[Exercise requirements]
After locating the line with "Generic - أدوات" in the entries below, output it and each following line up to and including the line with "12月29日,都江堰金都村鎮", exactly and without pictures.

[Records]
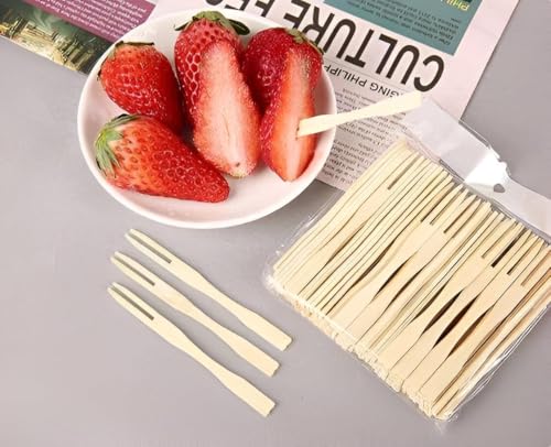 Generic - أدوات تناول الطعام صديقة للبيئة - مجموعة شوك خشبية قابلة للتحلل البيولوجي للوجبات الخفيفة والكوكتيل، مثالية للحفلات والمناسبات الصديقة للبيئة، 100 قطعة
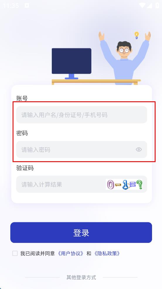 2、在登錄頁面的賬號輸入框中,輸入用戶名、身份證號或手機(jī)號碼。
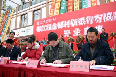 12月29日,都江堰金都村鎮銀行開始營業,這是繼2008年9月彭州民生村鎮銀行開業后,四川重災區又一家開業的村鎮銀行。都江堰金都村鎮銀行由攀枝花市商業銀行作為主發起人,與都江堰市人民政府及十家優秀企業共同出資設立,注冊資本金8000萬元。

--

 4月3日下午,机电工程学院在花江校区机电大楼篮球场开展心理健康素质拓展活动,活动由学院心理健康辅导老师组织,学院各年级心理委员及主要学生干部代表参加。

[Output of the exercise]
 Generic - أدوات تناول الطعام صديقة للبيئة - مجموعة شوك خشبية قابلة للتحلل البيولوجي للوجبات الخفيفة والكوكتيل، مثالية للحفلات والمناسبات الصديقة للبيئة، 100 قطعة
 2、在登錄頁面的賬號輸入框中,輸入用戶名、身份證號或手機(jī)號碼。
 12月29日,都江堰金都村鎮銀行開始營業,這是繼2008年9月彭州民生村鎮銀行開業后,四川重災區又一家開業的村鎮銀行。都江堰金都村鎮銀行由攀枝花市商業銀行作為主發起人,與都江堰市人民政府及十家優秀企業共同出資設立,注冊資本金8000萬元。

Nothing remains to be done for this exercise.